Charge distribution, 3 charges

[Dodsy]

Homework Statement

A triangle is given with the points:

Q1 = +2.0 x 10-5 C

2.0 m from

Q3 = -3.0 x 10-5 C

AND

Q1 = +2.0 x 10-5 C

2.0 m from

Q2 = -3.0 x 10-5 CThe triangle is a right triangle, with Q1 at the 90 degree angle.FIND THE NET FORCE OF CHARGE 1

Homework Equations

[/B]
FE21 = FE31 = kq1q2 /r2
Fnet = SqrtFE21^2 + FE31^2

The Attempt at a Solution

[/B]
Because the charges are an equal distance away:

FE21 = FE31 = kq1q2 /r2FE21 = FE31 = (9.0 x 109 Nm2/C2)(2.0 x 10-5 C)(3.0 x 10-5 C) / 2.0 mFE21 = FE31 = 90’000 NFnet^2 = 90'000^2 + 90'000^2

Fnet = 127279.22 NNow I just need to calculate the angle. I just want to make sure I'm on the right track.

 

[Dodsy]

Any help would be appreciated...

 

[haruspex]

FE21 = FE31 = (9.0 x 109 Nm2/C2)(2.0 x 10-5 C)(3.0 x 10-5 C) / 2.0 m
FE21 = FE31 = 90’000 N

Not following your arithmetic here.
Did you forget the 2 in /r²?
I assume 109 means 10⁹, etc.
Is your 90'000N result 9*10⁴N?
(If you can't be bothered to use superscripts for the powers of 10, use the E notation, like 9E9.)

 

[Dodsy]

I must have! And sorry I didn't notice as I copied and pasted from the microsoft word document I am working in! I appreciate the response. Other than that is everything looking okay?

 

[haruspex]

Other than that is everything looking okay?

No, I have no idea how you get that number. I get a number less than 10.

 

[Dodsy]

Yes the answer will obviously be different now. Other than that is everything okay with my formula? I'd rather not fix my work just to have someone else copy it. If squaring my radius is the only problem that's easily fixable.

 

[haruspex]

Yes the answer will obviously be different now. Other than that is everything okay with my formula? I'd rather not fix my work just to have someone else copy it. If squaring my radius is the only problem that's easily fixable.

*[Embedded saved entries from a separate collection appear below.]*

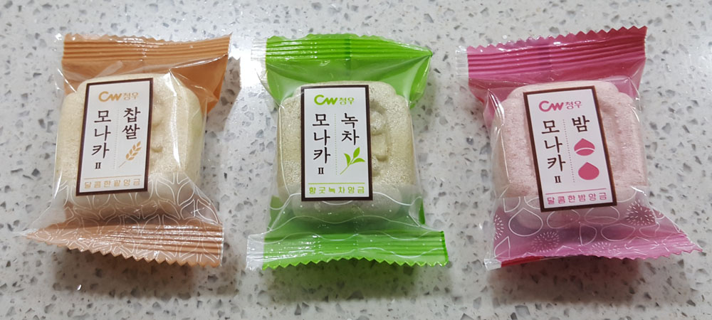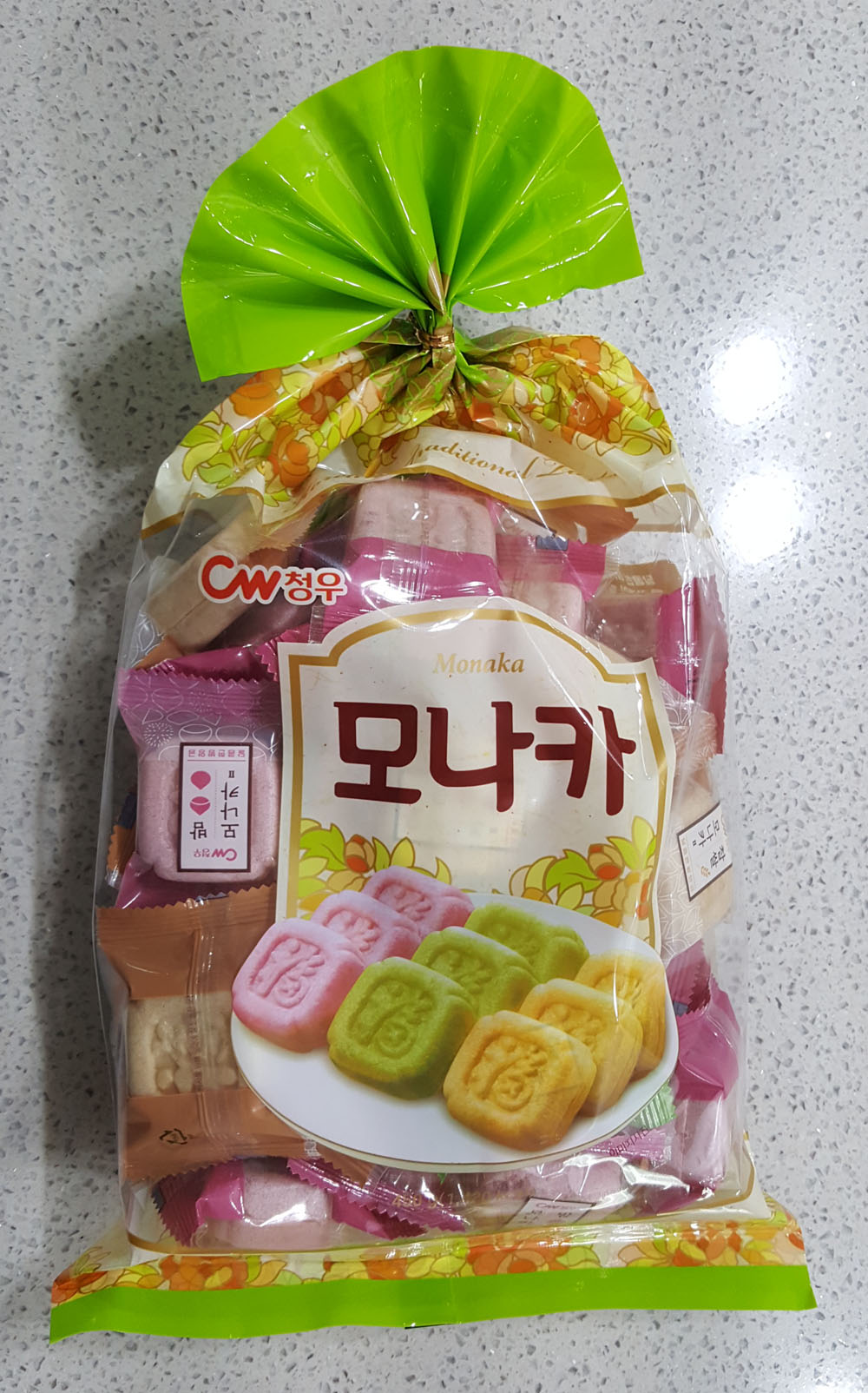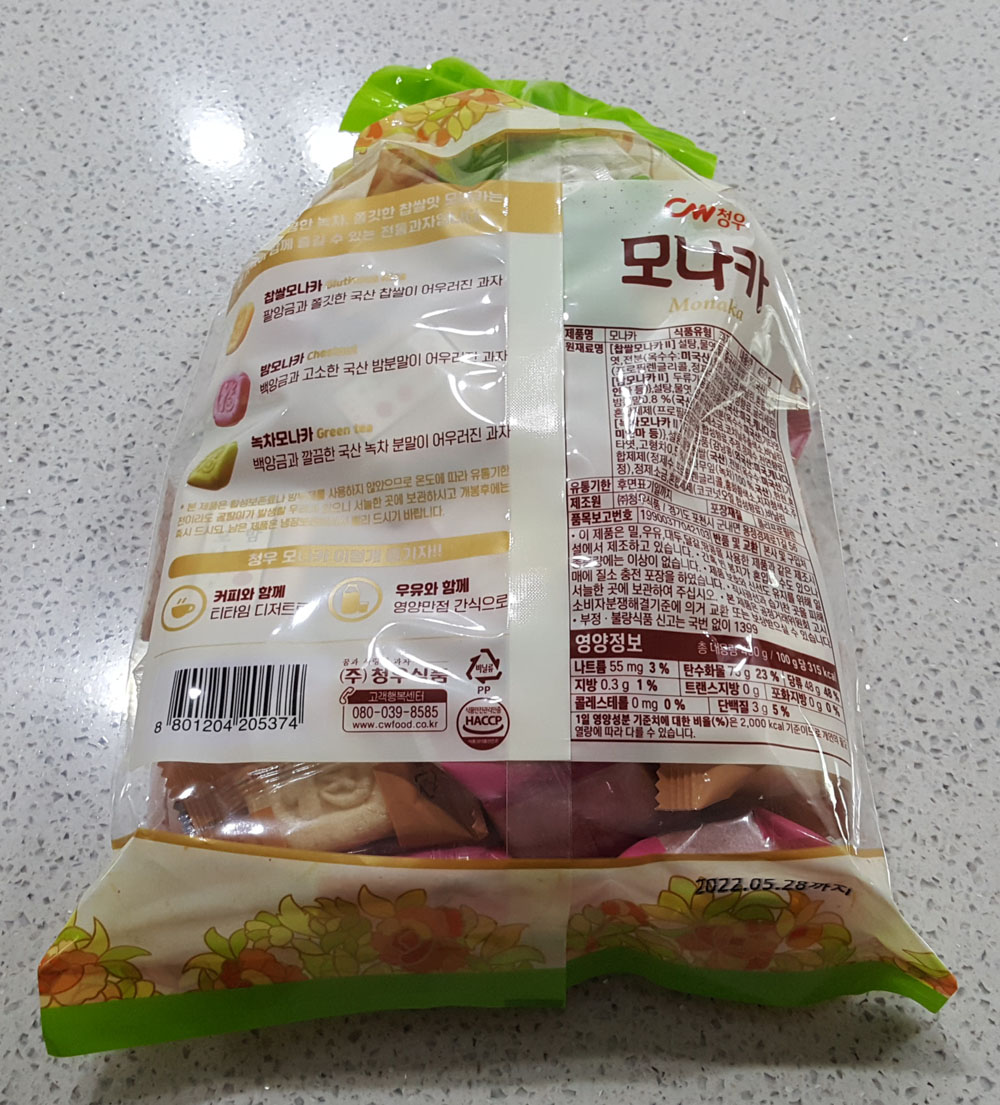 청우식품에서 만들어 판매하는 모나카에는 찹쌀모나카, 밤모니카, 녹차모나카 3종류가 들어 있습니다.
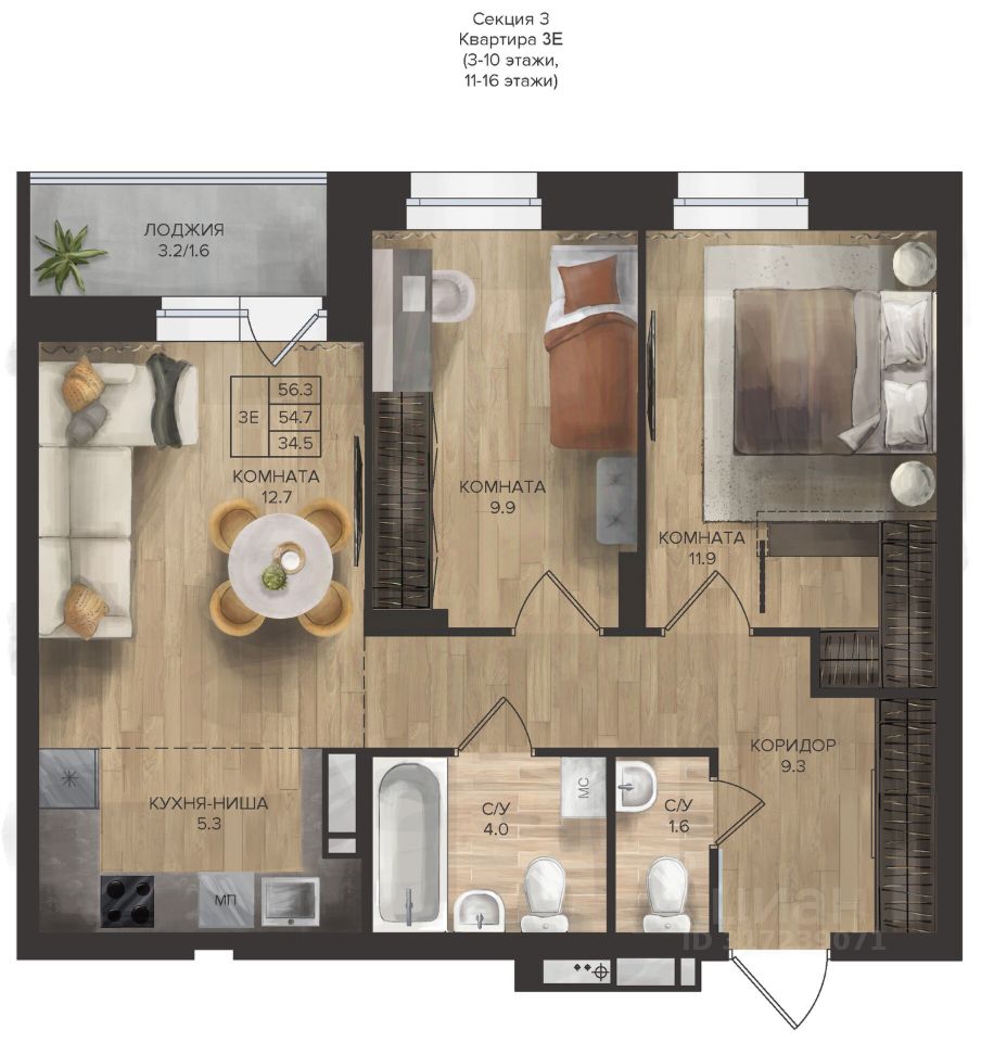 Общая площадь56,3 м2
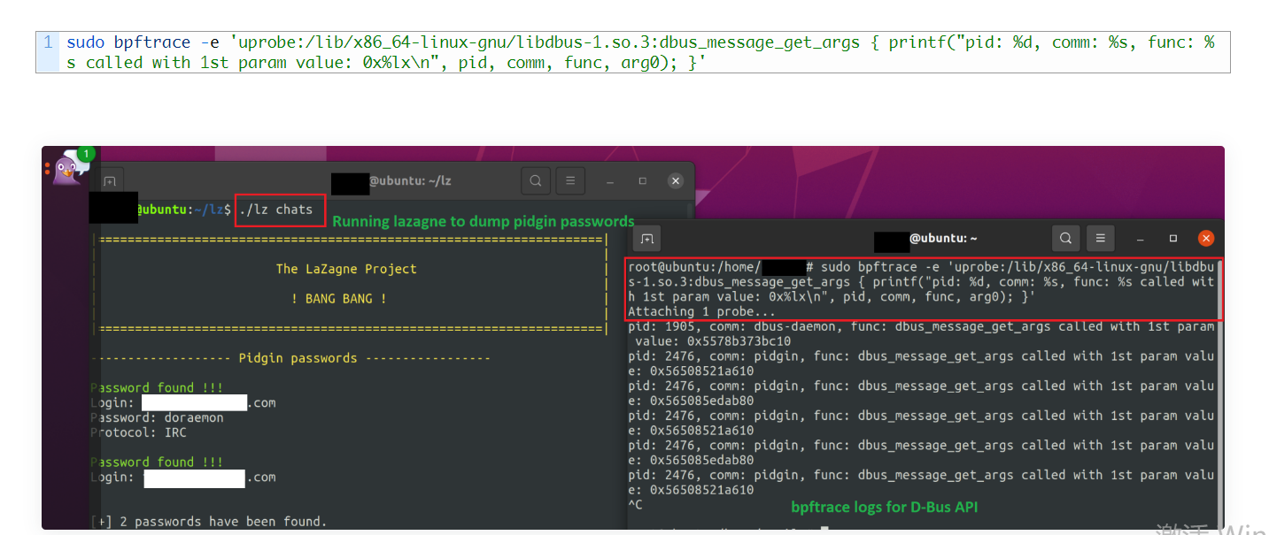 上图显示了Pidgin用户名和密码被LaZagne成功转储(在左侧终端上),API调用被记录在bpftrace输出中(在右侧终端上)。
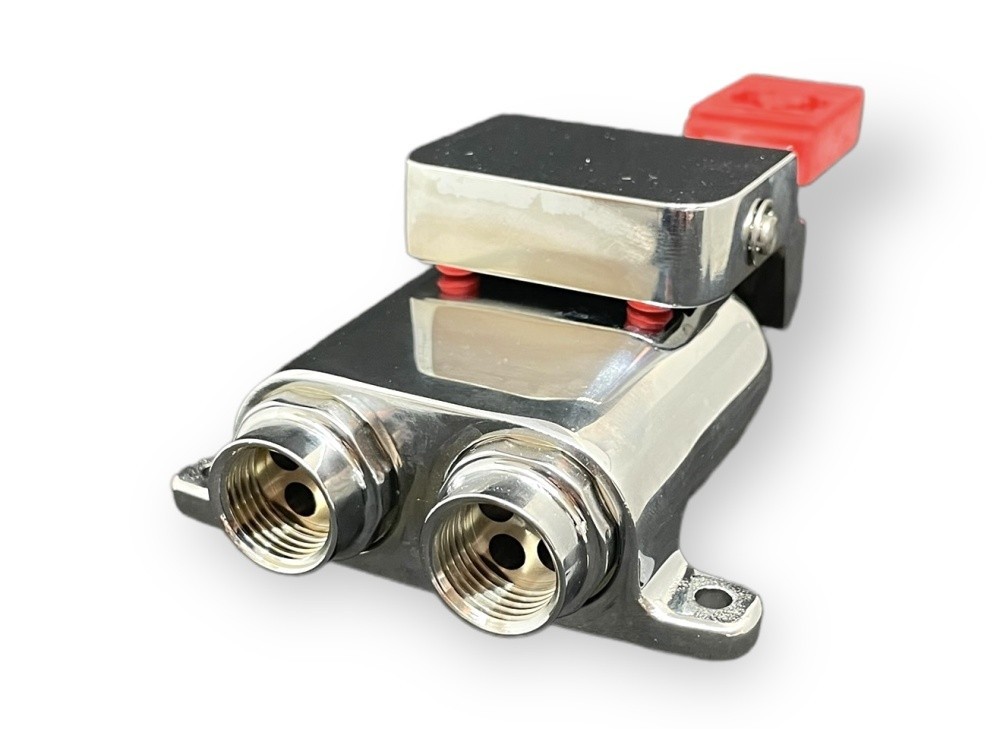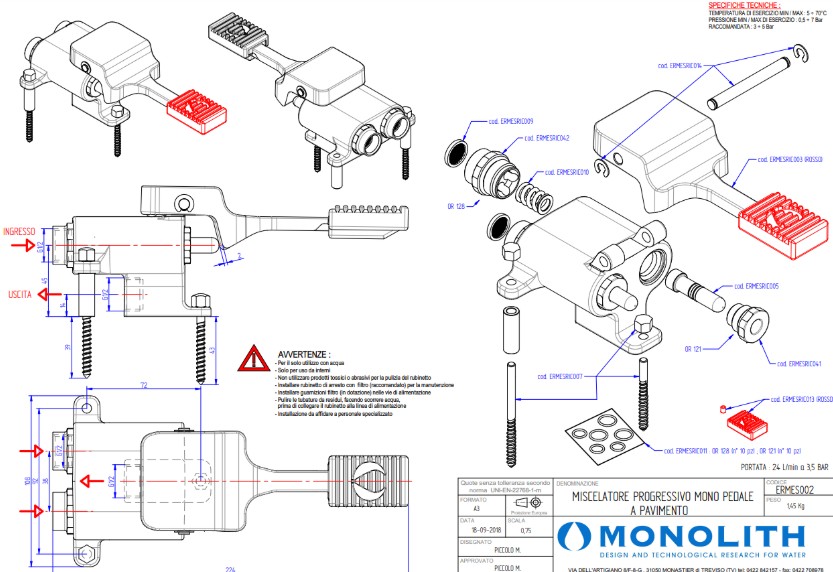 Ключевая особенность модели Monolith ERMES002 - педальное управление: для поступления воды необходимо нажать и удерживать педаль; при отпускании поток мгновенно прекращается. Температура подаваемой воды регулируется непосредственно в смесителе за счёт смешивания потоков горячей и холодной воды. Такое решение обеспечивает: максимальную гигиеничность - полностью исключается контакт рук с поверхностями смесителя, что минимизирует риск переноса бактерий и соответствует строгим санитарным нормам, экономию воды - подача осуществляется только в момент нажатия на педаль, что позволяет снизить расход на 20–30 % по сравнению с традиционными смесителями, удобство эксплуатации - персонал может свободно манипулировать посудой или продуктами, не отвлекаясь на управление краном, энергонезависимость - работа смесителя не требует электричества или батареек, гарантируя бесперебойную подачу воды в любых условиях.
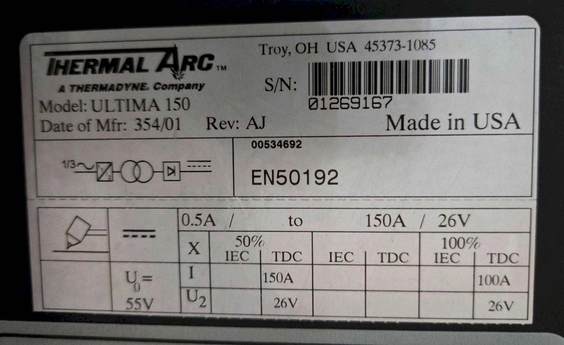 OverviewThe THERMAL ARC ULTIMA 150 Plasma Welder is a used high-performance plasma welding system engineered for precision and durability in demanding industrial environments. Known for its robust build and reliable arc stability, the Ultima 150 is designed to deliver consistent, high-quality welds with a maximum output of 150 amps. Ideal for TIG and plasma welding applications, this unit offers efficient operation and versatile control for a variety of metal fabrication tasks. Product Specifications
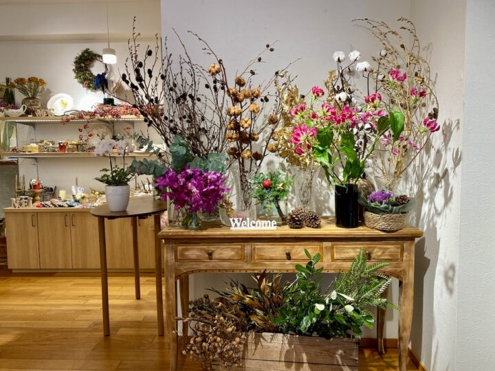 店主さんは、ヨーロッパでの在住経験が長く、ドイツやフランスで豊富な花の知識と技術を培ってきました。その経験を活かし、お客様一人ひとりの要望に合わせた「オンリーワン」の花を丁寧にヒアリングして制作してくれます。店内にはヨーロッパで直接買い付けてきた雑貨やアンティーク小物も並んでおり、お花と一緒に自分だけのお気に入りを見つける楽しさも。
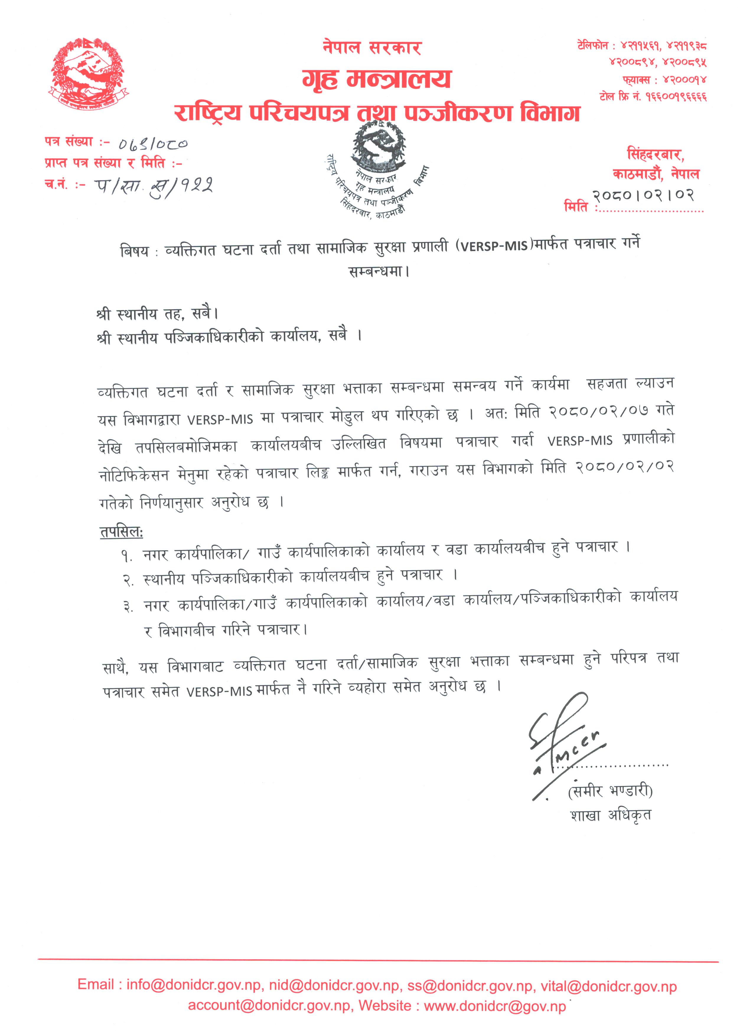 VERSP-MIS मार्फत पत्राचार गर्ने सम्बन्धमा । |
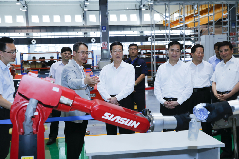6月16日至17日,中共中央政治局常委、江南平台入口 副总理张高丽在辽宁调研东北地区等老工业基地振兴情况。这是6月16日,张高丽在沈阳新松机器人自动化公司察看机器人产品展示,调研辽宁推进结构调整、培育新产业新业态工作情况。新华社记者 鞠鹏 摄
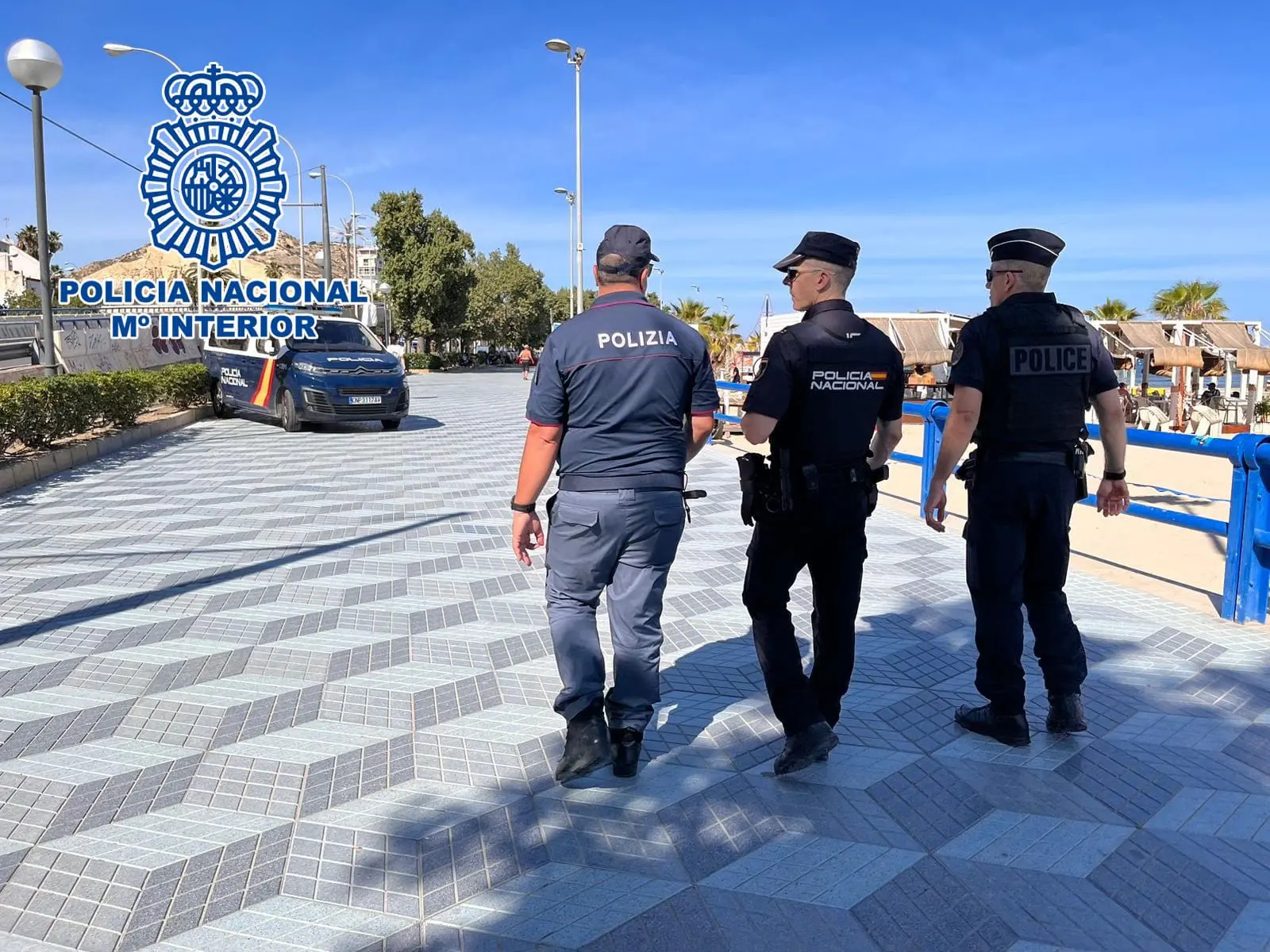Agentes de la Policía Nacional de España, de la Policía Italiana y Policía Francesa, en el marco del proyecto “Comisarías Europeas”, comenzaron a principios del mes de junio a patrullar juntos por las calles de Alicante para reforzar la atención a los turistas y garantizar una mayor seguridad a los ciudadanos extranjeros.
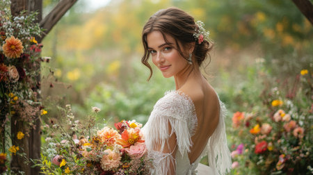 Bride in elegant dress holding colorful bouquet surrounded by flowers in a natural setting during daytime Generative AI
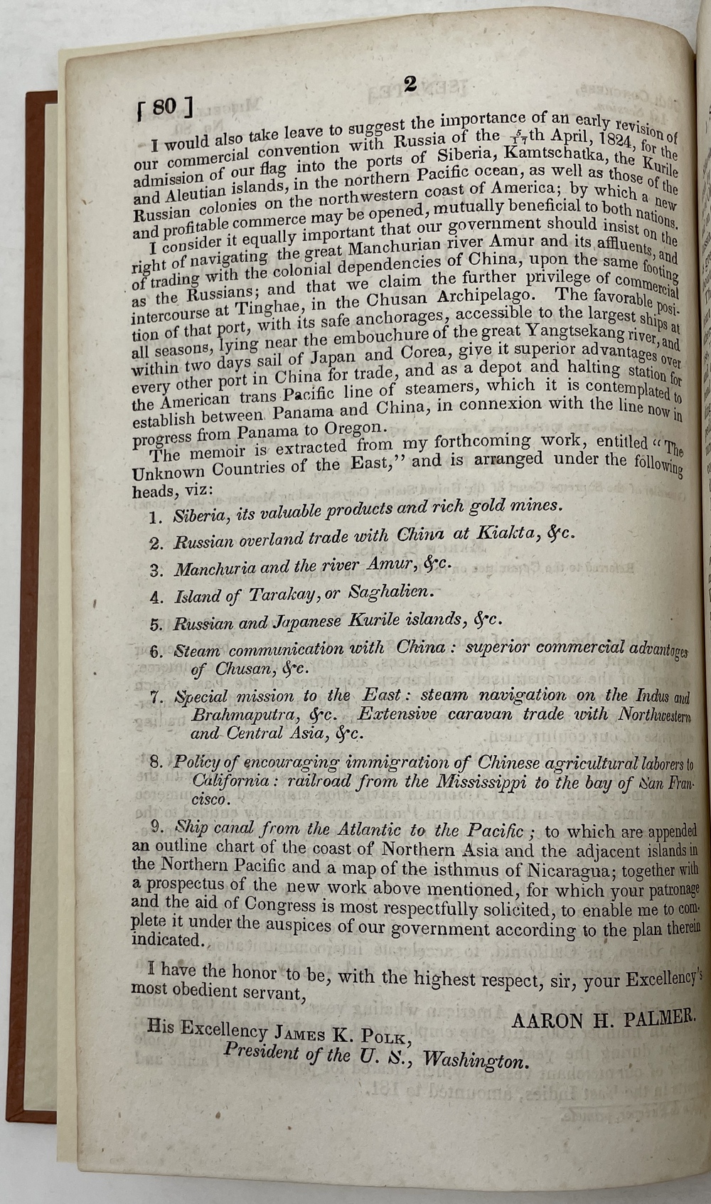 本書は、パーマーによる数多くの提言の中でも比較的早い時期に印刷されたもの一つで、ポーク大統領(James K. Polk, 1795 - 1849)に、北太平洋上にある諸国との通商関係をアメリカが開くことの重要性を強く主張したものです。パーマーによると、この提言は、当時パーマーが公刊することを予定していたと題した大部の作品の一部を抜粋したもので、次のような構成をとっています。

I'm saying that will only make a factor of 2 difference. 90000 seems to be wrong by several orders of magnitude.

 

[Dodsy]

Please tell me where I'm going wrong with my equation then? If I square my radius I get 1.35. What am I missing here? that is the purpose of this thread. As I've already stated 90000 obviously is NOT the answer. I need constructive criticism and a level of intelligence to be met with my answer, let's not go around in circles here.

 

[gneill]

It would seem that you have arithmetic errors (calculator operation problem?) to resolve.

Start by pulling apart the scientific notation in your force equation to see if the order of magnitude is in the right ballpark. You should be able to do the estimation in your head:

$10^9 \times 10^{-5} \times 10^{-5} = ~?$

and then the rest:

$\frac{9 \times 3 \times 2}{2^2} = ~?$

Does your result of 90000 agree with the above?

 

[haruspex]

Please tell me where I'm going wrong with my equation then?

You don't seem to have understood my posts #3 and #5. I quoted two lines from your OP, and said that I could not follow the arithmetic. I.e. there's a mistake in going from the first line to the second. But I have no idea what that mistake is because I cannot see the intermediate steps.
In post #5 I restated that despite picking up the distance-squared error I still had no idea how you got 90000. Yet again you came back with "is anything else wrong?" (i.e. other than the distance-squared error).

 

[Dodsy]

Once again, I know 90000 is not the answer. The answer was in fact 2.7 when I computed it. A calulator issue is NOT what I'm looking for. I'm looking for arithmatic issues. If you can't follow a simple conversation please don't bother answering my question.

FE21 = FE31 = kq1q2 /r2 FE21 = FE31 = (9.0 x 10⁹ Nm2/C2)(2.0 x 10^-5C)(3.0 x 10^-5 C) / 2.0 m² FE21 = FE31 = 1.35

Please next time, use your brain. I've taken into account the calulation issue and the radius not being squared. I want to make sure that there is nothing else wrong with this. WE HONESTLY DO NOT NEED TO KEEP GOING IN CIRCLES. I AM NOT RETARDED.If 90000 is not the answer its not the answer, move on. The answer to the simple question as to whether my formula is correct would suffice.Honestly, not impressed with this community.

 

[haruspex]

The answer was in fact 2.7 when I computed it

Then why, oh, why did you not say so before? As far as I could tell, you were now getting 90,000/2 = 45,000. You originally had 90,000, and the only error you had acknowledged was the factor of 2. So from where I sat, yes, you still had something wrong. I can only work with the information you provide.